### Data for this exercise

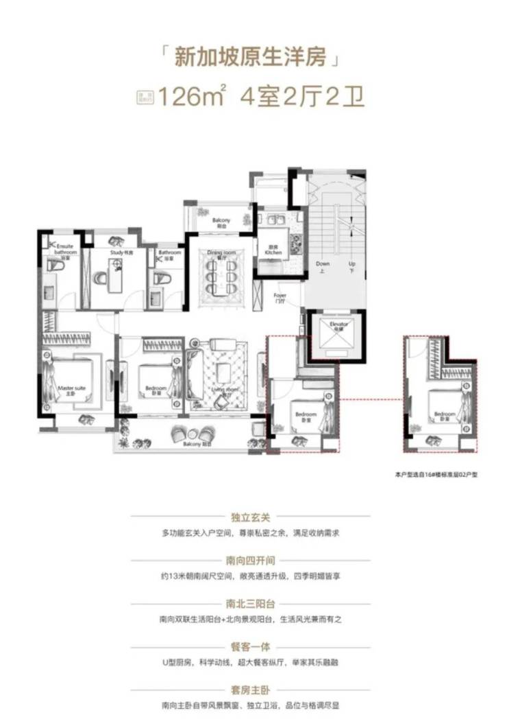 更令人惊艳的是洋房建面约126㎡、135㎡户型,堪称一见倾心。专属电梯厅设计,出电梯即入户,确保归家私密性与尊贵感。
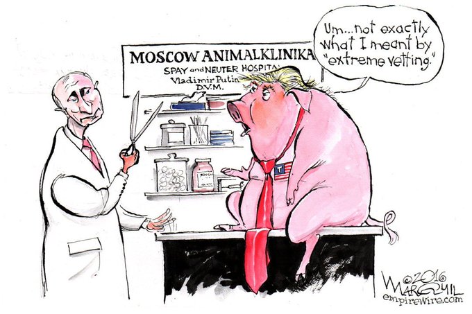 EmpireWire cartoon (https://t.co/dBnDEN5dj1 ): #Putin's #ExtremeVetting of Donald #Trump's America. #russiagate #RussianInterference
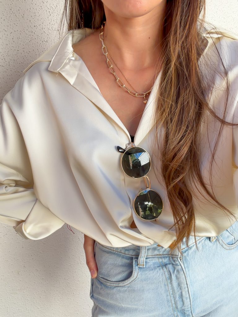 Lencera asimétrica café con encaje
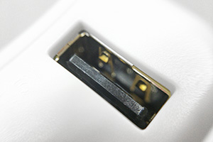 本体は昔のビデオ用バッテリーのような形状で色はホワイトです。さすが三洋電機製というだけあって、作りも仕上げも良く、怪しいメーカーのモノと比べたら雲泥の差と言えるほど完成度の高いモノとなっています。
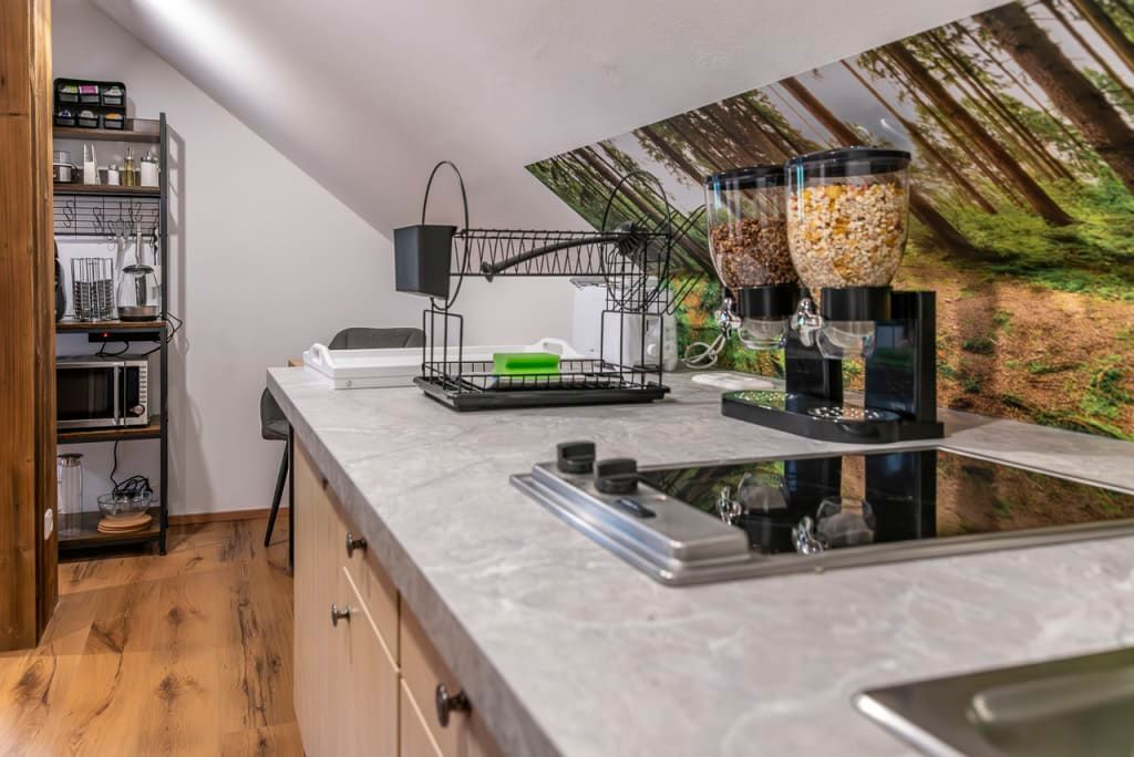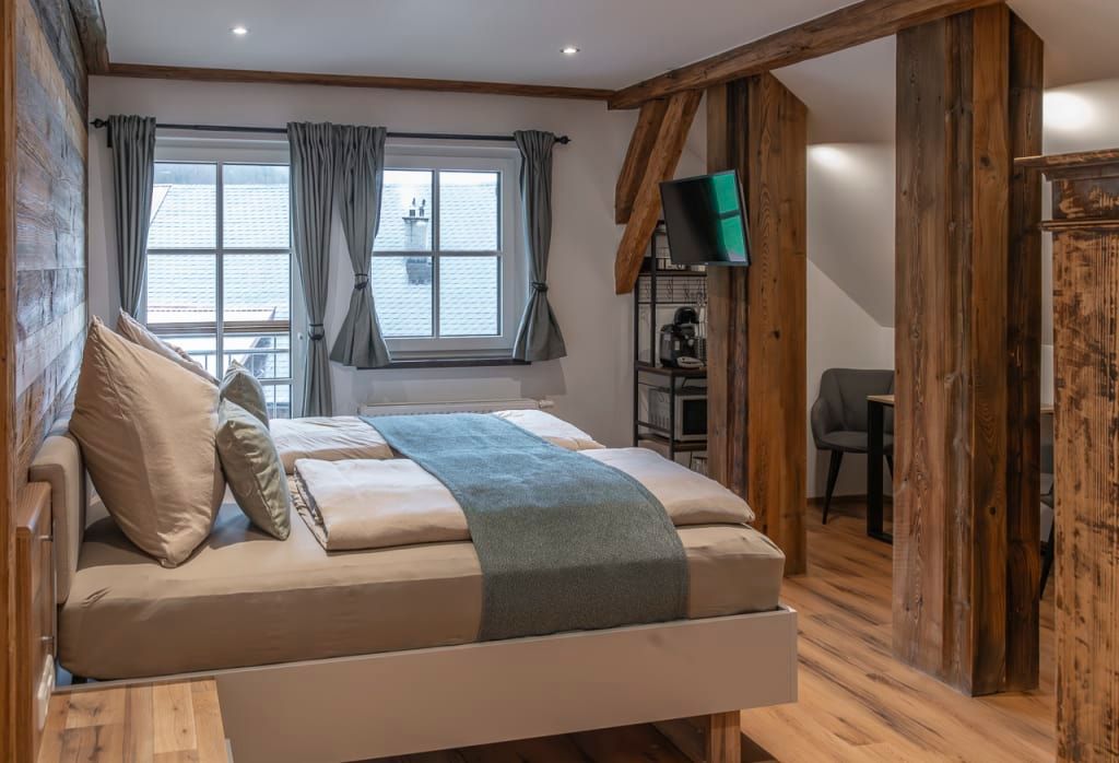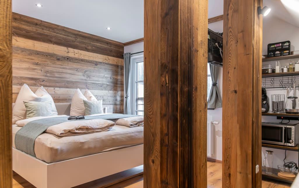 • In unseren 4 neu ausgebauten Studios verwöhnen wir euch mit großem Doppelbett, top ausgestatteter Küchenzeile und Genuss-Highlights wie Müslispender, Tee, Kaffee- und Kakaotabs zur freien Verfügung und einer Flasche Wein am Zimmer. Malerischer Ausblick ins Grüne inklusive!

######
### Data for this exercise

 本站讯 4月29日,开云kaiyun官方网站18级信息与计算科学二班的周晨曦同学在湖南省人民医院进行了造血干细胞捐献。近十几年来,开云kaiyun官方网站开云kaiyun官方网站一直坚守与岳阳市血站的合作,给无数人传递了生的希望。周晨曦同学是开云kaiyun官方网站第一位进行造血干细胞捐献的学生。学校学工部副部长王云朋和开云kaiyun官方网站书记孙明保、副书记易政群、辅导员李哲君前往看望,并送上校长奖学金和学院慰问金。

######
### Data for this exercise

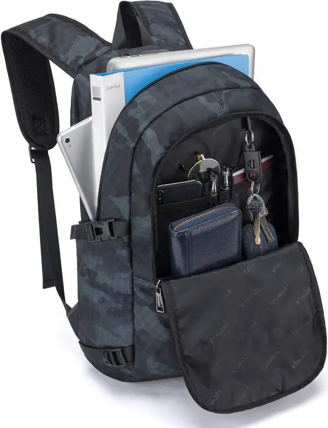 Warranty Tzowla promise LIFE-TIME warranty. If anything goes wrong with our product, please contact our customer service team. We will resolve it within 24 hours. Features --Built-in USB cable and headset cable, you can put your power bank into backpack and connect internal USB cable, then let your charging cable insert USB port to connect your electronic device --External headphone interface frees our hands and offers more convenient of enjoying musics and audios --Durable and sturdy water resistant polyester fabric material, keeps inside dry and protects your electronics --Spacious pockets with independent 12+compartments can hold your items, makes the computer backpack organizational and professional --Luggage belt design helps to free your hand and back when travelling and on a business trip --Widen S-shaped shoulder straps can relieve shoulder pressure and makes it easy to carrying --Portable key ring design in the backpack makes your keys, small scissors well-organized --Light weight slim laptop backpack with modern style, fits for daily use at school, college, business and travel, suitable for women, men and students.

######

> **Your assignment**:
Copy exactly the material above from the line with "更令人惊艳的是洋房建面约12" to the line with "ins Grüne inklusive!", ends included, and nothing else. Leave out any picture.

> **Completed exercise**:
 更令人惊艳的是洋房建面约126㎡、135㎡户型,堪称一见倾心。专属电梯厅设计,出电梯即入户,确保归家私密性与尊贵感。
 EmpireWire cartoon (https://t.co/dBnDEN5dj1 ): #Putin's #ExtremeVetting of Donald #Trump's America. #russiagate #RussianInterference
 Lencera asimétrica café con encaje
 本体は昔のビデオ用バッテリーのような形状で色はホワイトです。さすが三洋電機製というだけあって、作りも仕上げも良く、怪しいメーカーのモノと比べたら雲泥の差と言えるほど完成度の高いモノとなっています。
 • In unseren 4 neu ausgebauten Studios verwöhnen wir euch mit großem Doppelbett, top ausgestatteter Küchenzeile und Genuss-Highlights wie Müslispender, Tee, Kaffee- und Kakaotabs zur freien Verfügung und einer Flasche Wein am Zimmer. Malerischer Ausblick ins Grüne inklusive!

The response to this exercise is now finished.